-- Input data follows --

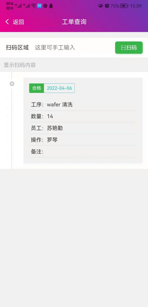 4、车间员工通过手机扫码报工代替手工填写,采集数据更加方便。而且报工实时更新生产进度到生产进度表,通过APP可以查询,手机即可查看生产状况。
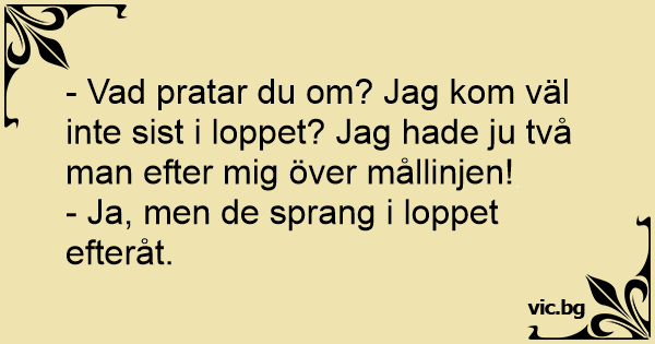 - Vad pratar du om? Jag kom väl inte sist i loppet? Jag hade ju två man efter mig över mållinjen!
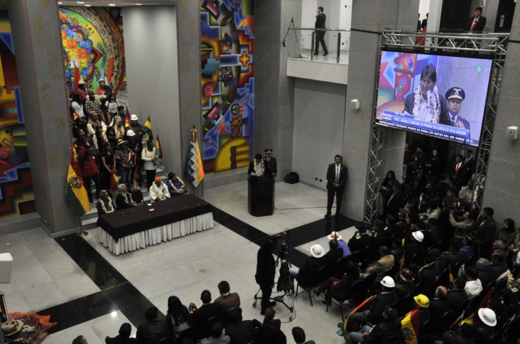 Ante un auditorio repleto, Morales —que lució el mismo traje que utilizó el 22 de enero de 2006, cuando juró a la presidencia del país— justificó la construcción del nuevo edificio, cuyo objetivo es “acabar con el Estado inquilino” y recuperar la identidad de los pueblos ancestrales de Bolivia, de la cual carecía el Palacio Quemado.
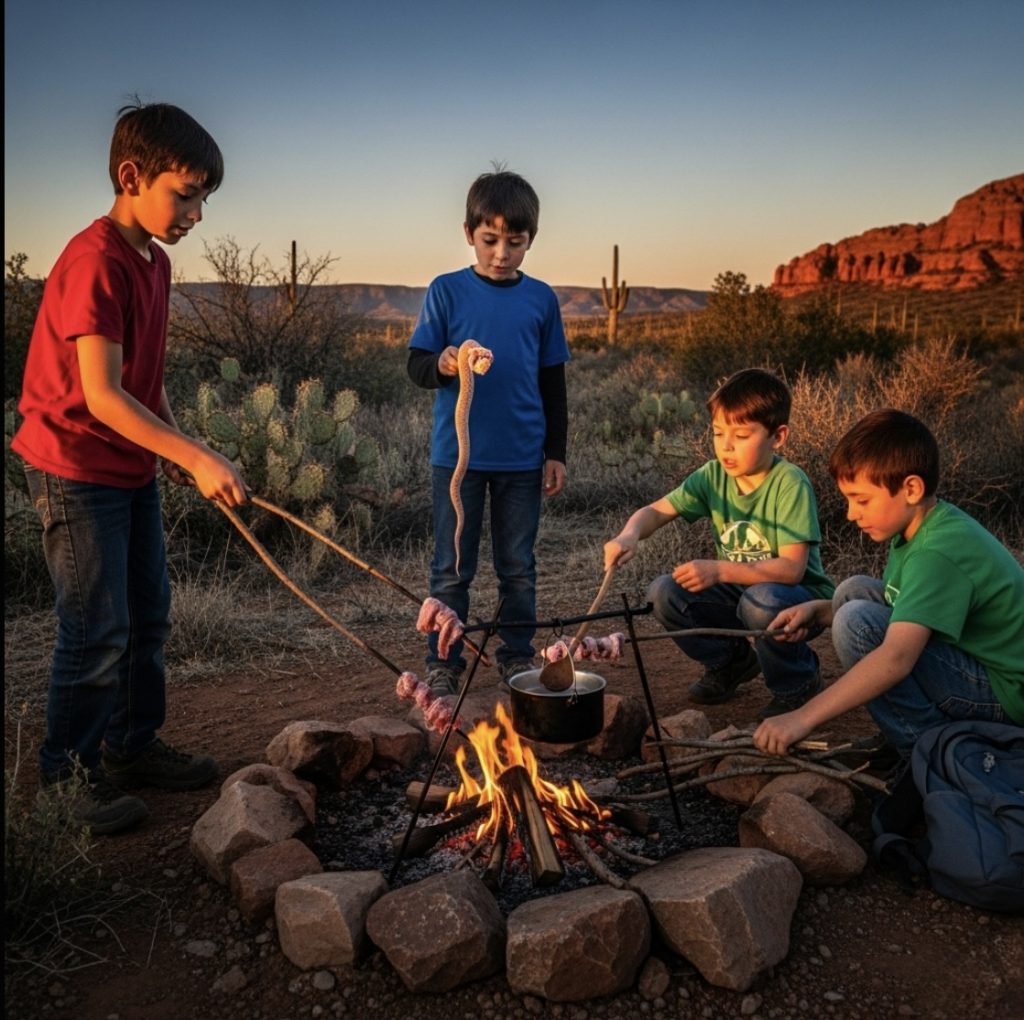 The only small game I didn’t actively pursue was snakes. Central Alabama has six different venomous snakes, and seemingly far fewer “friendly” snakes. Not that one being venomous had always stopped me from messing g with them. Back in the abandoned silver mines in New Mexico, my brother and I and our friend Aaron and Eric, had come across a few rattlesnakes. Theresa most memorable one as retreating into a narrow crack in the wall of a when we all went at it with whatever tools we had. We managed to grab it by the tail and pull it out of the crevice, and then behead it with a shovel. As I remember it, that legless demon was about seven feet long and as big around as my arm at the time. I can’t explain why, but we cut it up and cooked the meat over a small fire. We also each had a few bites of raw snake meat. It was not desirable in any way. Even the cooked meat left a lot to be desired.
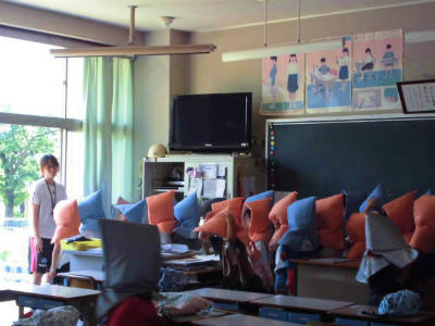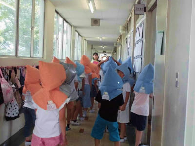机のないイングリッシュルームでは、椅子で頭を守るよう、先生の話を聞いているところです。
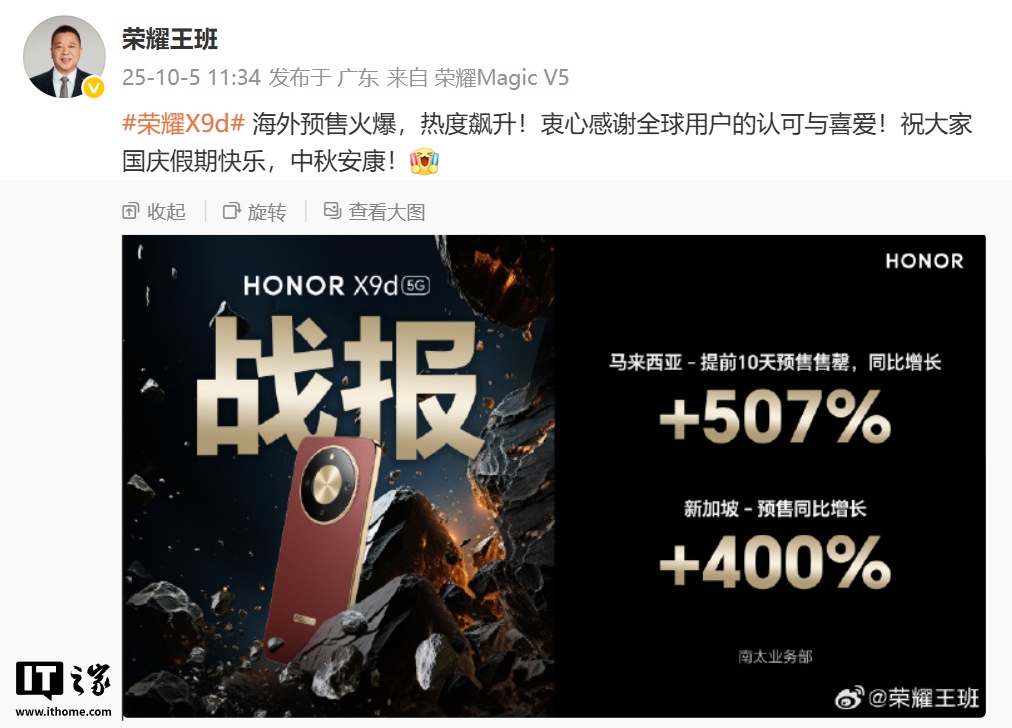 IT之家 10 月 5 日消息,荣耀终端股份有限公司销售与服务总裁王班今日发文分享了荣耀 X9d 手机的海外预售成绩,他透露新机“海外预售火爆,热度飙升”:马来西亚市场提前 10 天预售售罄,同比增长 507%;新加坡预售同比增长 400%。
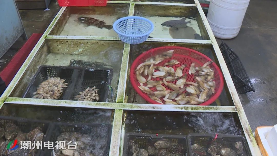 昨天进了濑尿虾、花蟹和石斑鱼,贝壳类昨天进了花蛤、车白、指甲蚶、小象鼻蚌,还有蚝等。
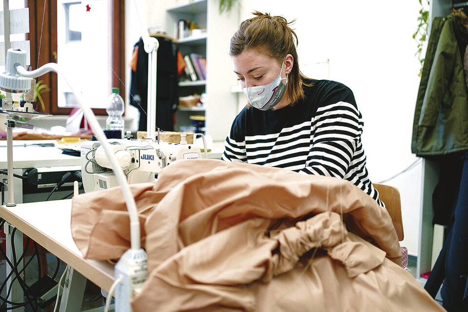 In normalen Zeiten können sie dabei auf die Hilfe der Ankleiderinnen zählen. Im Nationaltheater sind die Schneiderinnen zugleich Ankleiderinnen, die Haken und Knöpfe in Windeseile öffnen, Schnallen und Gürtel festzurren, um Schauspieler und Sänger mit einem letzten prüfenden Blick auf die Bühne zu entlassen. Bei den Vorführungen vor dem harten Lockdown, aber schon unter Hygieneauflagen mussten die Künstler auf diesen Service verzichten. "Wir haben die Kostüme nur noch in die Garderobe gehängt, dann mussten die Darsteller allein zurechtkommen", erzählt Kim Englert, die als Damenschneiderin die Ideen der Kostümbildner umsetzt.
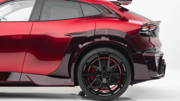 Колелата с олекотени лети джанти FC.5 на Mansory с размери 22 цола отпред и 23 цола отзад. Ярко черни акценти и тапицерията от мраморни въглеродни влакна определено не помагат на това Purosangue да изглежда по-добре, като единствено боята Vermillion Red прави нещата по-поносими.
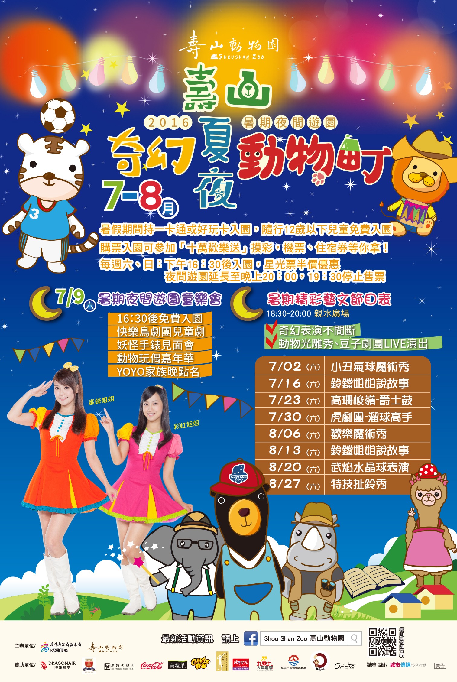 二、壽山動物園2016暑期夜間遊園童樂會訂於105年7月9日晚間7時假園區親水廣場舉行,當日
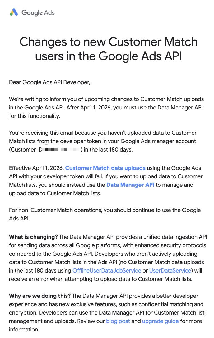 We're writing to inform you of upcoming changes to Customer Match uploads in the Google Ads API. After April 1, 2026, you must use the Data Manager AP! for this functionality.You're receiving this email because you haven't uploaded data to Customer Match lists from the developer token in your Google Ads manager account (Customer ID ###) in the last 180 days.
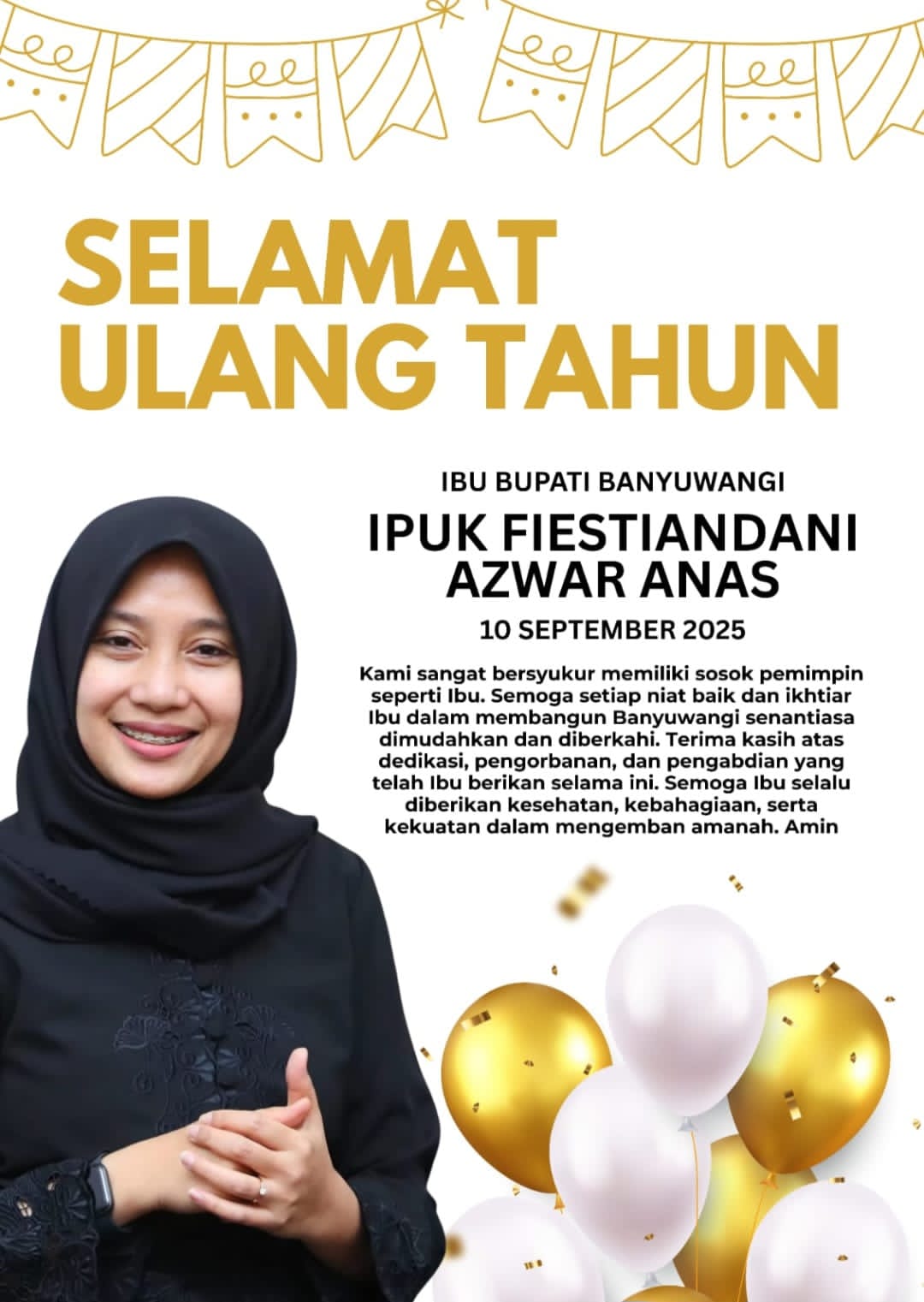 Ucapan ini juga menjadi bentuk apresiasi atas dedikasi Bupati Banyuwangi yang terus berkomitmen membangun daerah, baik melalui program pemberdayaan masyarakat, peningkatan pelayanan publik, maupun pengembangan potensi lokal.
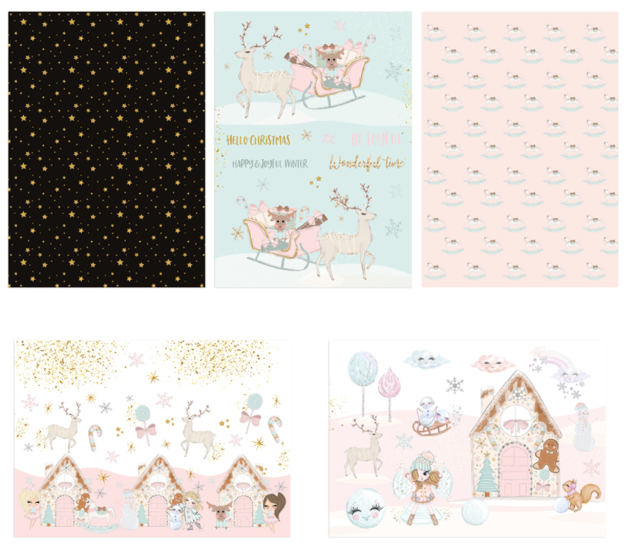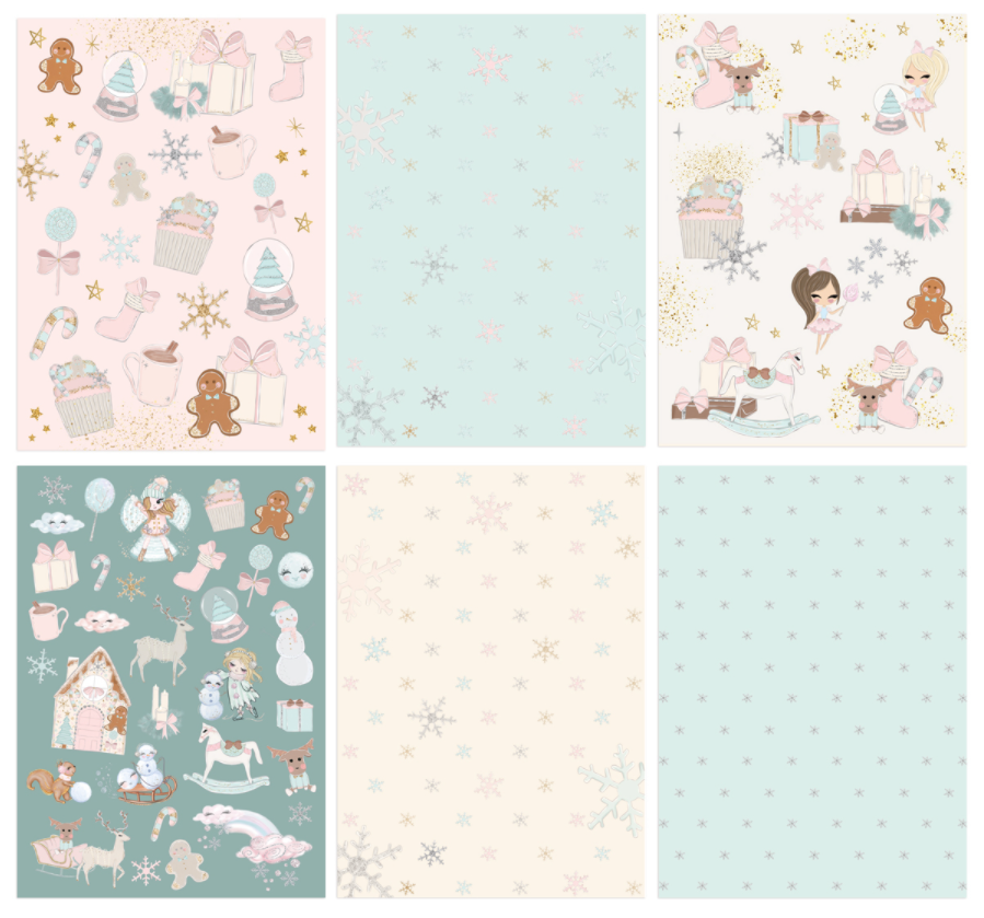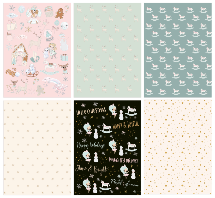 20 wyjątkowych arkuszy w pastelowej, słodkiej tonacji, gdzie pudrowy róż i delikatna mięta przeplatają się z głębią czerni i złotem. Znajdziesz tu typowo świąteczne i zimowe motywy (cukierkowe laski, chatkę z piernika, renifery, śnieżynki,  bałwanki), a także ponadczasowe akcenty (konik na biegunach, gwiazdki).

-- Input data concluded --

Requirement: An unchanged copy of the listing, with no pictures, should be returned.

Your response:
 4、车间员工通过手机扫码报工代替手工填写,采集数据更加方便。而且报工实时更新生产进度到生产进度表,通过APP可以查询,手机即可查看生产状况。
 - Vad pratar du om? Jag kom väl inte sist i loppet? Jag hade ju två man efter mig över mållinjen!
 Ante un auditorio repleto, Morales —que lució el mismo traje que utilizó el 22 de enero de 2006, cuando juró a la presidencia del país— justificó la construcción del nuevo edificio, cuyo objetivo es “acabar con el Estado inquilino” y recuperar la identidad de los pueblos ancestrales de Bolivia, de la cual carecía el Palacio Quemado.
 The only small game I didn’t actively pursue was snakes. Central Alabama has six different venomous snakes, and seemingly far fewer “friendly” snakes. Not that one being venomous had always stopped me from messing g with them. Back in the abandoned silver mines in New Mexico, my brother and I and our friend Aaron and Eric, had come across a few rattlesnakes. Theresa most memorable one as retreating into a narrow crack in the wall of a when we all went at it with whatever tools we had. We managed to grab it by the tail and pull it out of the crevice, and then behead it with a shovel. As I remember it, that legless demon was about seven feet long and as big around as my arm at the time. I can’t explain why, but we cut it up and cooked the meat over a small fire. We also each had a few bites of raw snake meat. It was not desirable in any way. Even the cooked meat left a lot to be desired.
机のないイングリッシュルームでは、椅子で頭を守るよう、先生の話を聞いているところです。
 IT之家 10 月 5 日消息,荣耀终端股份有限公司销售与服务总裁王班今日发文分享了荣耀 X9d 手机的海外预售成绩,他透露新机“海外预售火爆,热度飙升”:马来西亚市场提前 10 天预售售罄,同比增长 507%;新加坡预售同比增长 400%。
 昨天进了濑尿虾、花蟹和石斑鱼,贝壳类昨天进了花蛤、车白、指甲蚶、小象鼻蚌,还有蚝等。
 In normalen Zeiten können sie dabei auf die Hilfe der Ankleiderinnen zählen. Im Nationaltheater sind die Schneiderinnen zugleich Ankleiderinnen, die Haken und Knöpfe in Windeseile öffnen, Schnallen und Gürtel festzurren, um Schauspieler und Sänger mit einem letzten prüfenden Blick auf die Bühne zu entlassen. Bei den Vorführungen vor dem harten Lockdown, aber schon unter Hygieneauflagen mussten die Künstler auf diesen Service verzichten. "Wir haben die Kostüme nur noch in die Garderobe gehängt, dann mussten die Darsteller allein zurechtkommen", erzählt Kim Englert, die als Damenschneiderin die Ideen der Kostümbildner umsetzt.
 Колелата с олекотени лети джанти FC.5 на Mansory с размери 22 цола отпред и 23 цола отзад. Ярко черни акценти и тапицерията от мраморни въглеродни влакна определено не помагат на това Purosangue да изглежда по-добре, като единствено боята Vermillion Red прави нещата по-поносими.
 二、壽山動物園2016暑期夜間遊園童樂會訂於105年7月9日晚間7時假園區親水廣場舉行,當日
 We're writing to inform you of upcoming changes to Customer Match uploads in the Google Ads API. After April 1, 2026, you must use the Data Manager AP! for this functionality.You're receiving this email because you haven't uploaded data to Customer Match lists from the developer token in your Google Ads manager account (Customer ID ###) in the last 180 days.
 Ucapan ini juga menjadi bentuk apresiasi atas dedikasi Bupati Banyuwangi yang terus berkomitmen membangun daerah, baik melalui program pemberdayaan masyarakat, peningkatan pelayanan publik, maupun pengembangan potensi lokal.
 20 wyjątkowych arkuszy w pastelowej, słodkiej tonacji, gdzie pudrowy róż i delikatna mięta przeplatają się z głębią czerni i złotem. Znajdziesz tu typowo świąteczne i zimowe motywy (cukierkowe laski, chatkę z piernika, renifery, śnieżynki,  bałwanki), a także ponadczasowe akcenty (konik na biegunach, gwiazdki).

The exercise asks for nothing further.